**Your instructions:** Reproduce the listing word for word, leaving every picture behind.

**Supplied material:**
*** Block opens ***

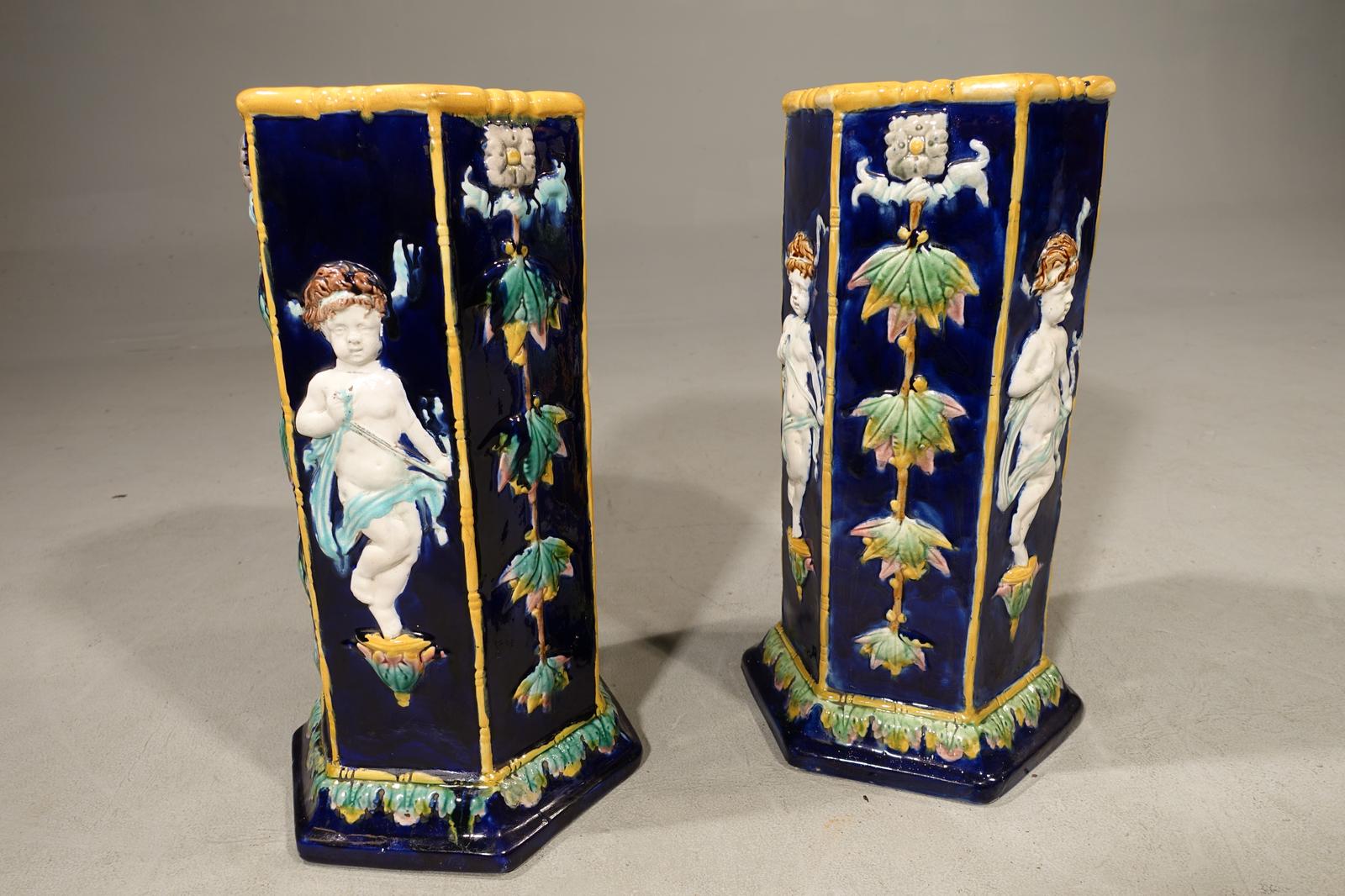 Very Rare Pair of Late 19th Century Majolica Stick Stands
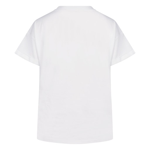 Het Riuka shirt van Nukus is een elegante en luchtige top met een vrouwelijke uitstraling. De offwhite kleur vormt een frisse basis, terwijl het gouden design met subtiele pailletten een speels en opvallend detail toevoegt. Het 100% katoenen materiaal voelt zacht en comfortabel aan, ideaal voor het voorjaar. Dankzij de lichte pasvorm draagt het shirt makkelijk en combineer je het met jeans, een rok of lichte broek voor een moeiteloze look
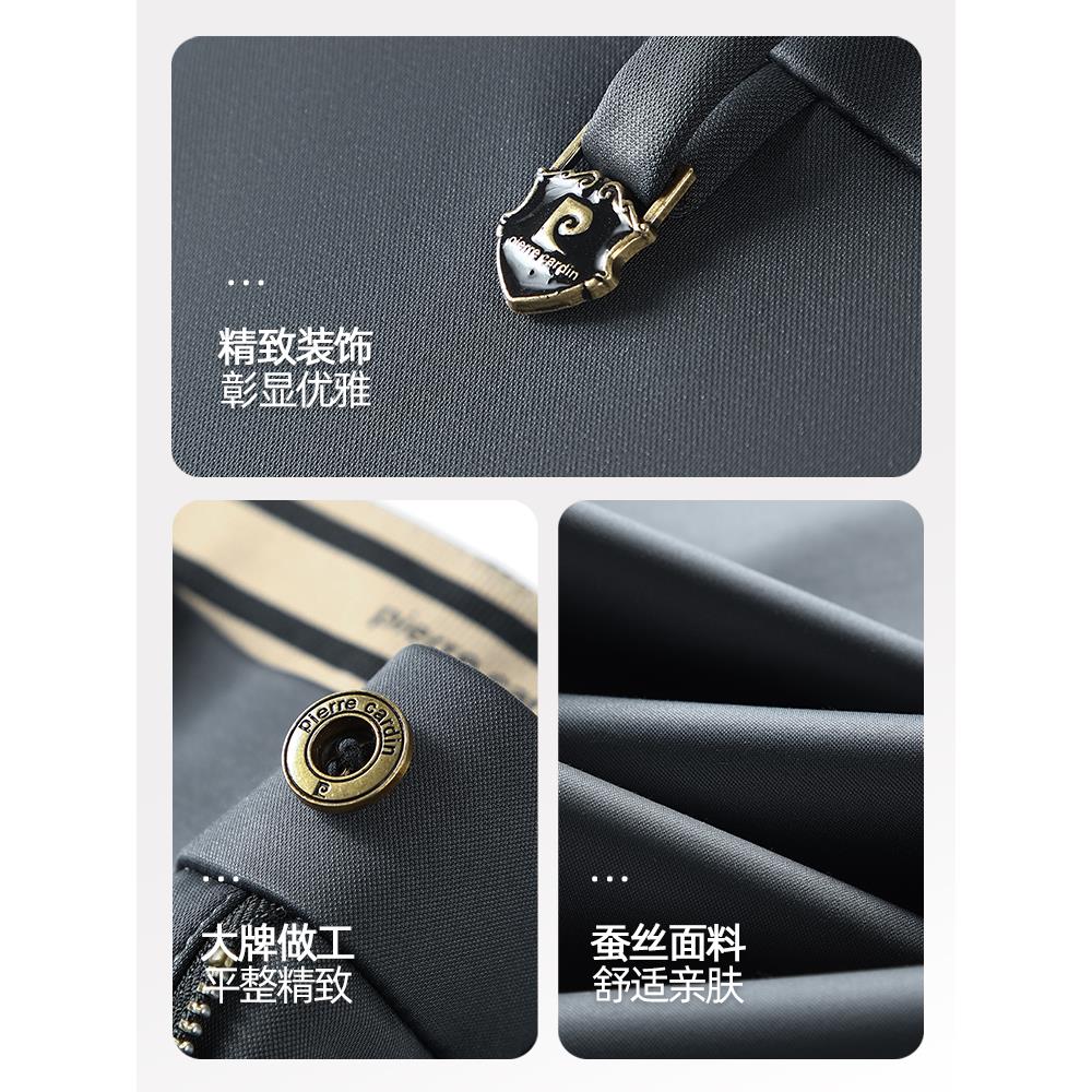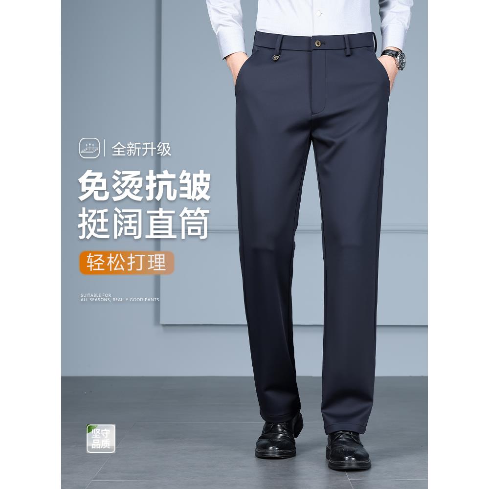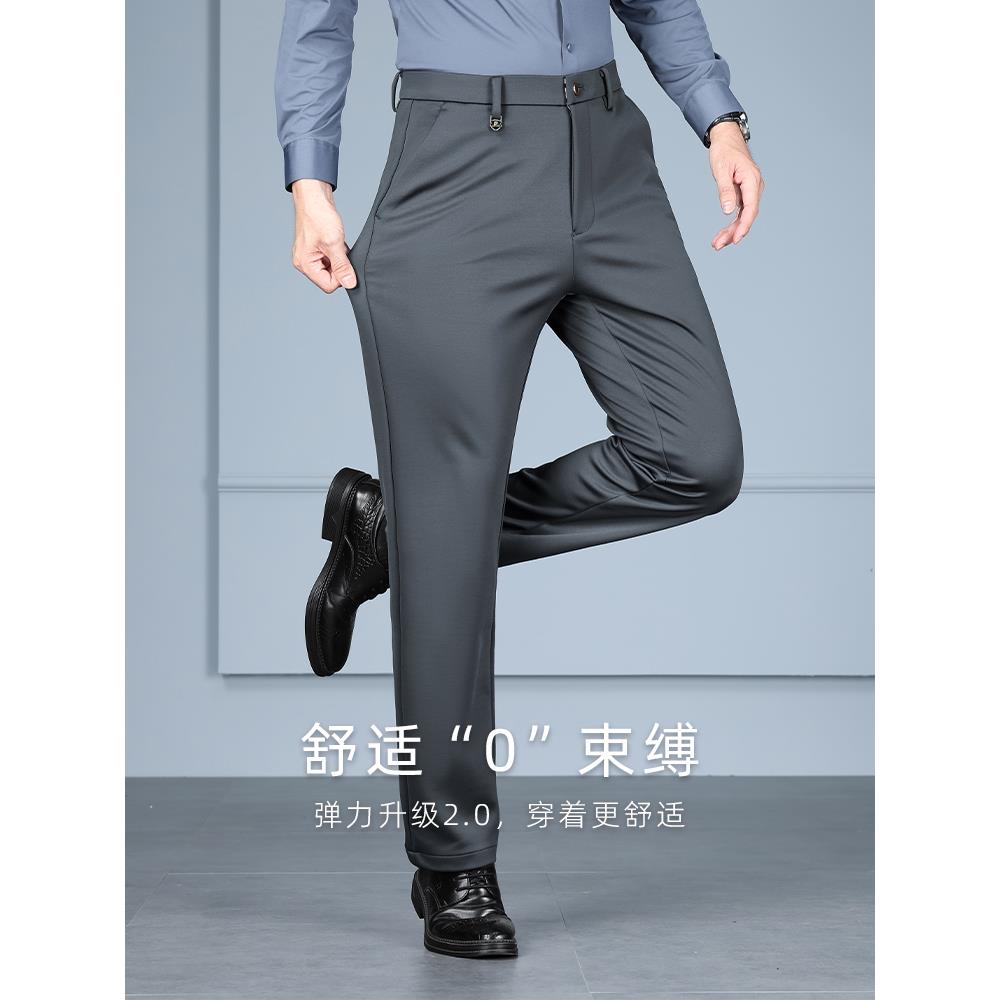 皮尔卡丹桑蚕丝男士休闲裤男秋季新款中年商务西裤弹力直筒长裤子

*** Block closes ***

**Result of this exercise:**
 Very Rare Pair of Late 19th Century Majolica Stick Stands
 Het Riuka shirt van Nukus is een elegante en luchtige top met een vrouwelijke uitstraling. De offwhite kleur vormt een frisse basis, terwijl het gouden design met subtiele pailletten een speels en opvallend detail toevoegt. Het 100% katoenen materiaal voelt zacht en comfortabel aan, ideaal voor het voorjaar. Dankzij de lichte pasvorm draagt het shirt makkelijk en combineer je het met jeans, een rok of lichte broek voor een moeiteloze look
 皮尔卡丹桑蚕丝男士休闲裤男秋季新款中年商务西裤弹力直筒长裤子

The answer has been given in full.